GEORGE W: And our message to the Iranians is that one, you won't have a weapon. And two, that you must verifiably suspend any programs, at which point we will come to the negotiating table to work on a way forward.
KELEMEN: Secretary Rice is to meet in Vienna tomorrow with her European counterparts and with the foreign ministers of Russia and China, who have opposed U.S. efforts to get a tough U.N. Security Council resolution on Iran. She says she hopes the new U.S. approach will create a climate for action.
CONDOLEEZZA RICE: This is the last excuse in some sense. There have been those who've said well, if only the negotiations had the potential for the United States to be a part of them. Perhaps then Iran would respond. So, now we have a pretty-clear path.
KELEMEN: That is to offer Iran a package of carrots and sticks to encourage Iran to get back to talks. Rice says diplomats hope to finalize the package in Vienna. She says Iran's enrichment activities have accelerated and can't go unchecked.
RICE: So, we now have an opportunity to either check their movement toward further sophistication of their nuclear program by negotiation, to which we would be a party.
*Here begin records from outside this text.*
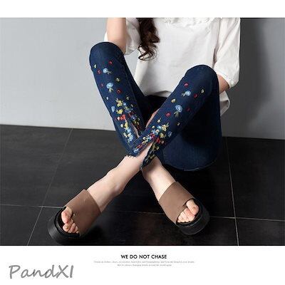 デニムパンツ レディース スキニー ジーンズ ズボン ボトムス ファッション ハイウエスト ストレッチ 大きいサイズ 着痩せ 春夏 仕事 刺繍 大人
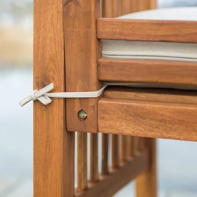 Take a seat in these durable solid wood patio chairs from Saracina Home and realize the outdoor living experience you’ve always been chasing. With a timeless slat design, these solid wood porch chairs exude a classic sense of style whether you place them in your backyard or by the pool. Each acacia wood chair comes with a UV resistant cushion that fastens with ties. Properly care for your outdoor acacia furniture by keeping it out of severe weather conditions and applying teak oil every 2-3 months.
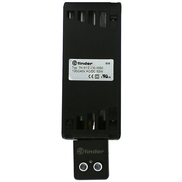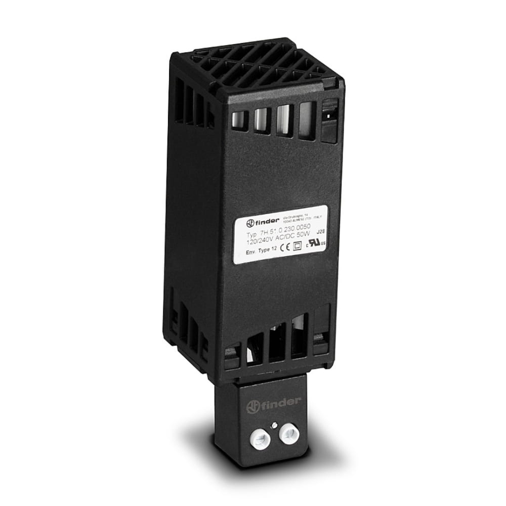 PTC нагреватель 7H.51.0.230.0050 может устанавливаться в различного рода электрооборудование для поддержания температуры выше установленного минимума и предотвращения образования конденсата. Благодаря функции саморегулирования PTC элемента устройство надежно защищено от перегрева. Для регулирования температуры нагрева в пределах установленного диапазона необходимо использовать термостат.
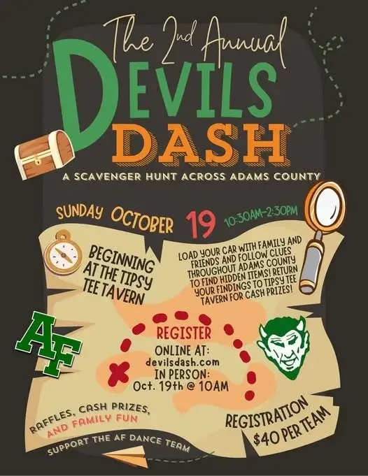 Load your car with family and friends and follow clues throughout Adams County to find hidden items. Return your findings to Tipsy Tee Tavern for cash prizes!
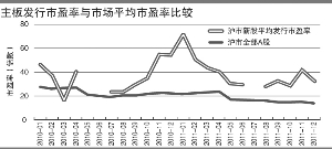 圖三:滬市發行市盈率與市場平均市盈率比較
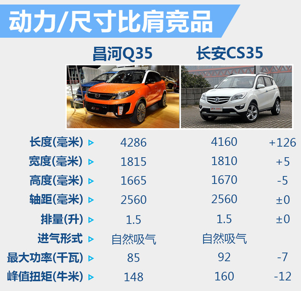 动力方面,昌河Q35有望搭载与Q25相同的1.5升自然吸气发动机,最大功率为85千瓦,峰值扭矩达到148牛米,动力参数足以比肩长安CS35。传动系统,与这台发动机匹配的有望是5速手动变速箱或4速自动变速箱。
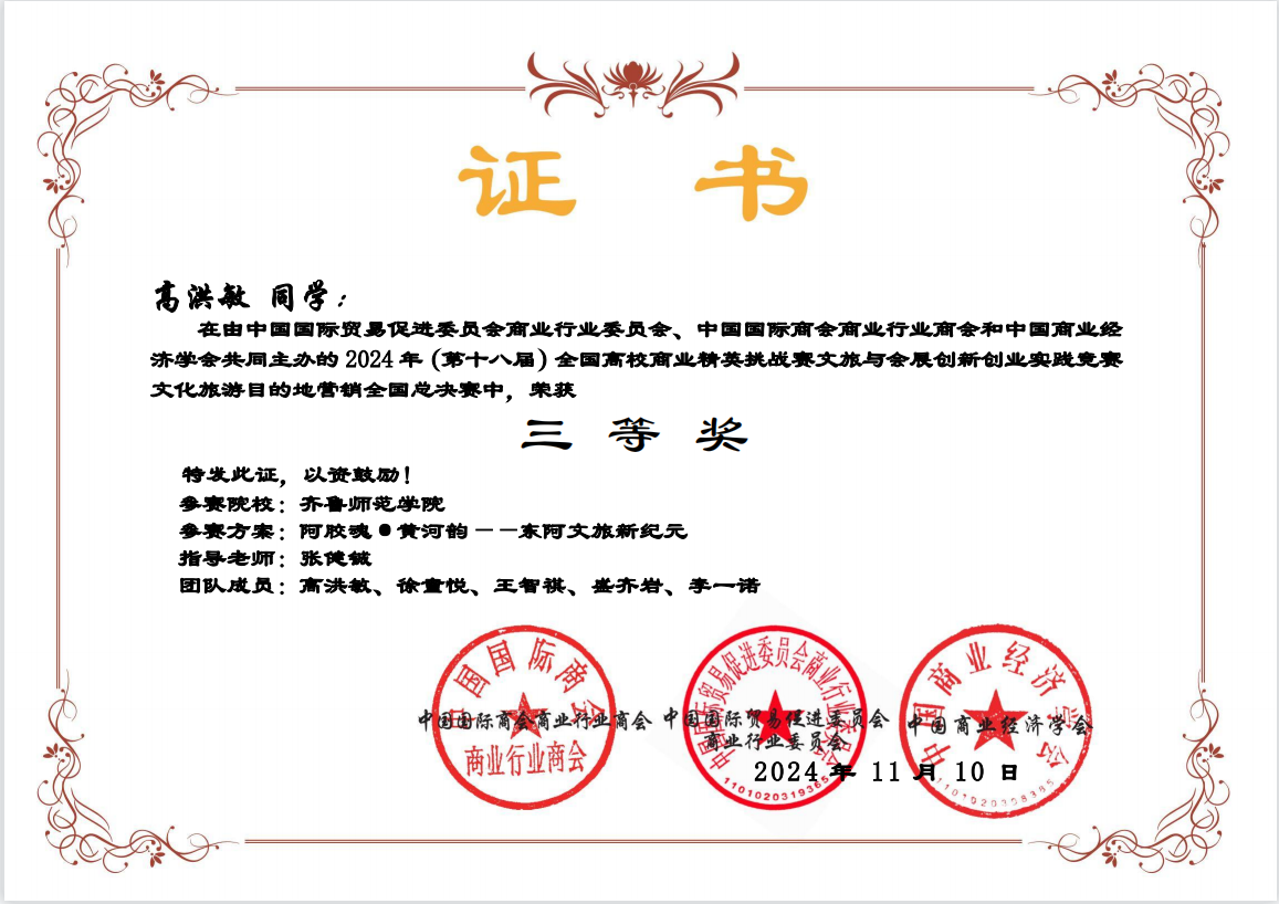2024年11月,在第十八届全国高校商业精英挑战赛文旅与会展创新创业实践竞赛全国总决赛中,教师教育学院高洪敏团队从众多支参赛队伍中脱颖而出,在全国决赛中斩获三等奖,展示了他们在商业创意和实战操作中的非凡能力。这一成绩的取得不仅彰显了教院学子在电子商务领域的创新精神和实践能力,也为学院赢得了广泛的社会关注和赞誉。
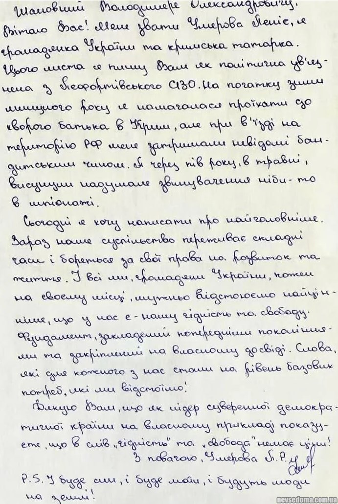 25-летняя крымская татарка и гражданка Украины Ление Умерова, которую ранее задержали в России при попытке навестить больного раком отца в Крыму, написала письмо Владимиру Зеленскому.
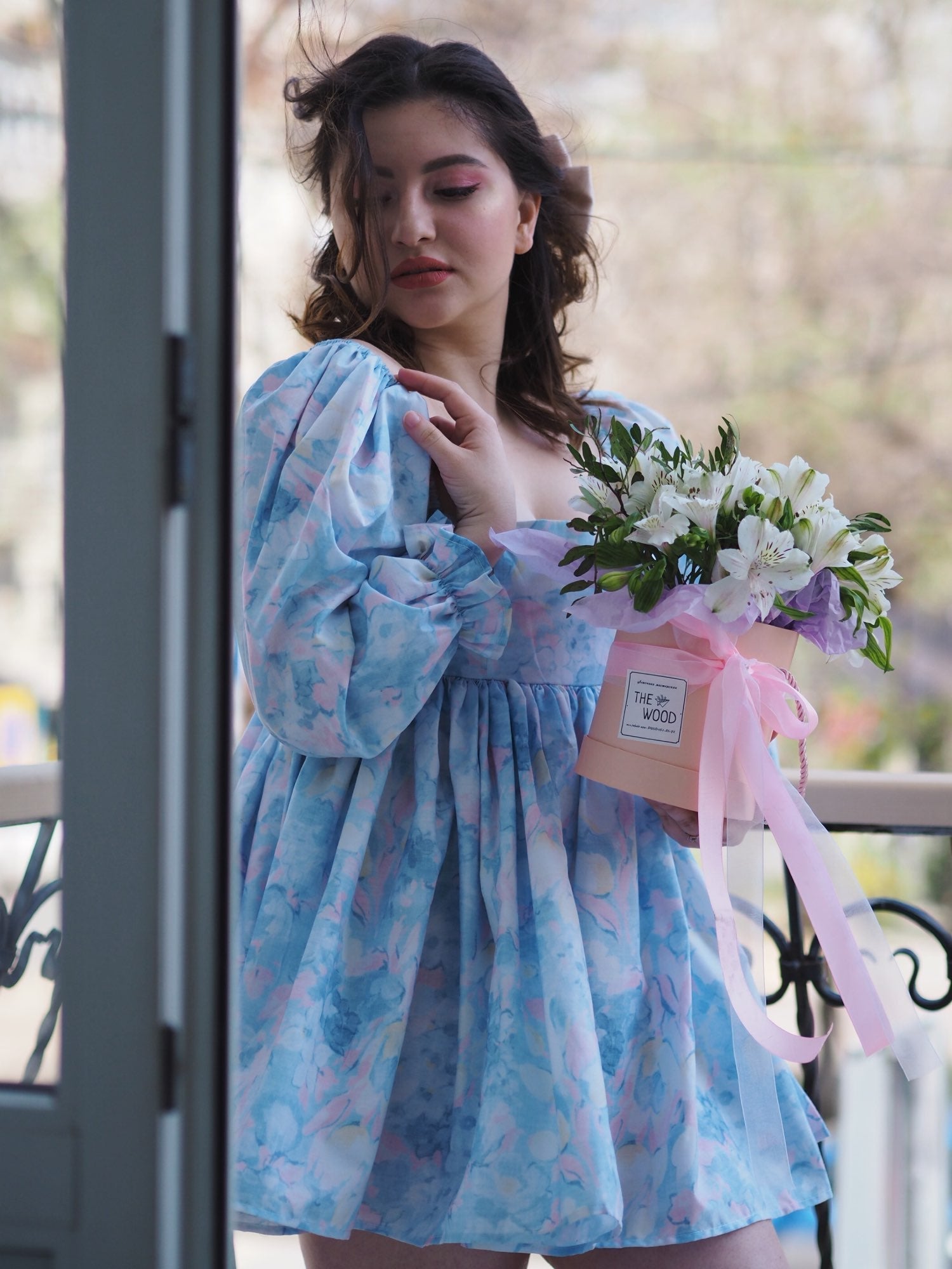 WENDY DOLL MINI DRESS has mini length, puff sleeves, blue&baby pink floral pattern. Can be wear like off-shoulder.
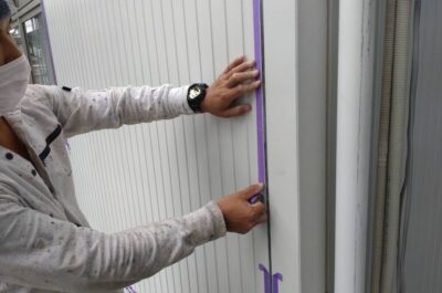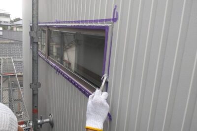 クリアー部分のコーキングは後打ちで仕上げますので、マスキングテープを貼っていきます。
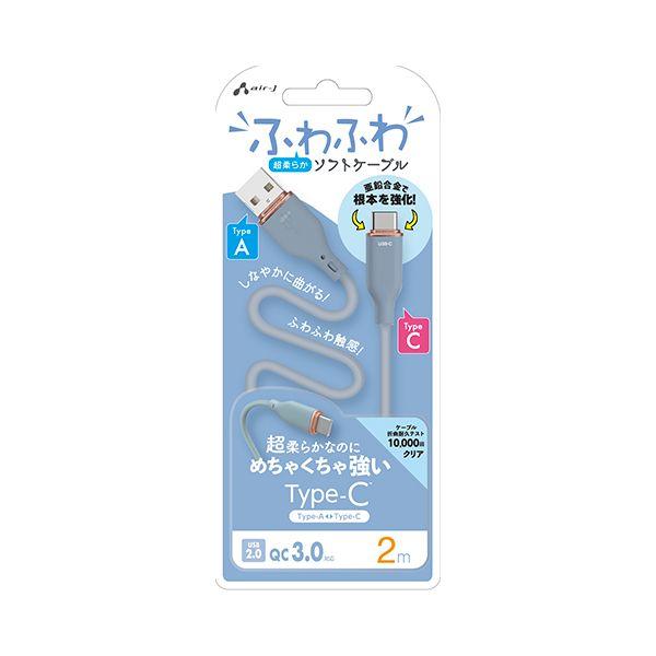エアージェイ UCJ-AW2M BL 強化コネクターふわふわケーブルA to C UCJAW2MBL
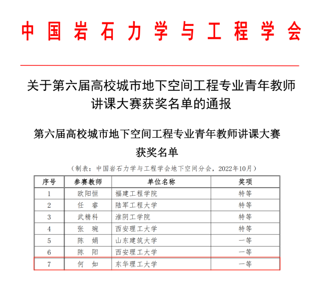据悉,来自全国33所高校的49位城市地下空间工程专业青年教师参加了本次大赛。经过激烈角逐,我校土木与建筑工程学院教师何如博士荣获一等奖。竞赛中,何如博士结合工程实例及党的二十大精神,注重教学情境设计,深入浅出地讲解知识要点,以丰富翔实的教学内容和丰富多彩的授课方式,充分展现了我校青年教师的专业水平和教学风采。这也是该专业教师继获第三届高校城市地下空间工程专业青年教师讲课大赛一等奖后,再获殊荣。
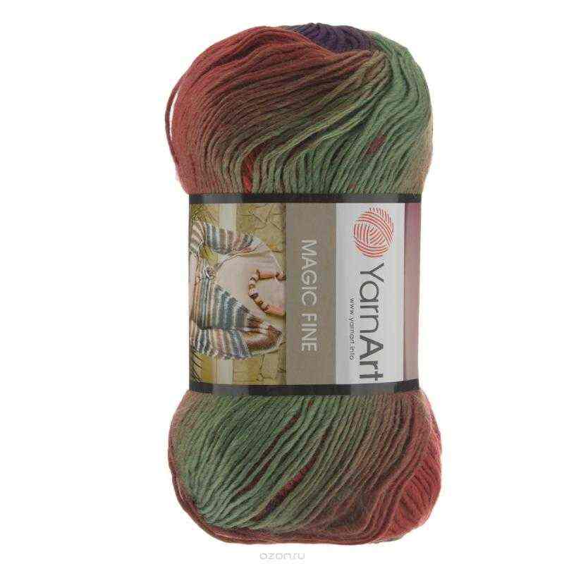 YarnArt Magic Fine - мягкая полушерстяная пряжа секционного крашения, цвета плавно переходят от одного к другому. Идеально подходит для вязания как взрослых, так и детских изделий. Эта тонкая пряжа хорошо подходит как для вязальных машин, так и для ручного вязания. Нить можно использовать в одно, в два или больше сложений. Она отлично подходит для ажурных вещей, и в тоже время из неё получаются прекрасные объёмные джемпера и кофты. А наличие в составе акрилового волокна - гарантия того, что вещи не будут деформироваться и линять после многих стирок. Рекомендуются спицы и крючок 3,5-4 мм. Состав: 50% шерсть, 50% акрил. В настоящее время вязание плотно вошло в нашу жизнь, причем не столько в виде привычных свитеров, сколько в виде оригинальных, изящных моделей из самой разнообразной пряжи. Поэтому так важно подобрать именно ту пряжу, которая позволит вам связать даже самую сложную и необычную модель изделия.
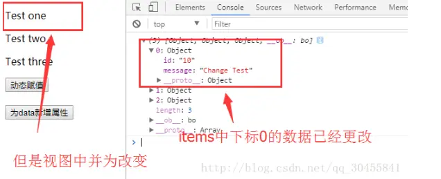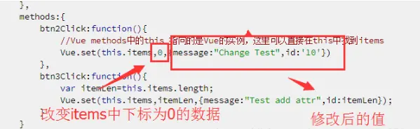 这里得警惕一种情况: 当写惯了JS之后,有可能我会想改数组中某个下标的中的数据我直接**this.items[XX]**就改了,如:

Or to check it by greater pressure on the Iranians through sanctions and other measures through the Security Council, and, if necessary, with like-minded states outside of the Security Council.
KELEMEN: Joseph Cirincione, a nonproliferation expert at the Center for American Progress, says it's not clear whether the U.S. is sincere about talking with Iran, or just wants to bring allies along for a tougher approach. Still, he sees today's announcement as a significant shift.
JOSEPH CIRINCIONE: Clearly, the United States has lost control of its Iran policy. Some saw it as contracting out to the Europeans, others saw it as just being ineffective. But the U.S. is trying to regain control and to, as the president said, to exercise some robust diplomacy.
KELEMEN: Cirincione doesn't think Iran will ever give up the right to enrich uranium for what it says is for peaceful purposes.
CIRINCIONE: I'm afraid that that horse may have left the barn. For years, I've been opposed to any deal that allowed the Iranians to do even minor enrichment experiments. But they've been establishing facts on the ground. They have these machines up and running. It may not be possible to shut them off completely, and that's going to be the real tough test.
KELEMEN: Cirincione predicts a long summer of diplomacy before it becomes clear whether the U.S. and Europe can actually negotiate a verifiable agreement with Iran, or whether all of this will lead to sanctions or even a military confrontation. The Bush administration won't rule that option out. Michele Kelemen, NPR News, the State Department.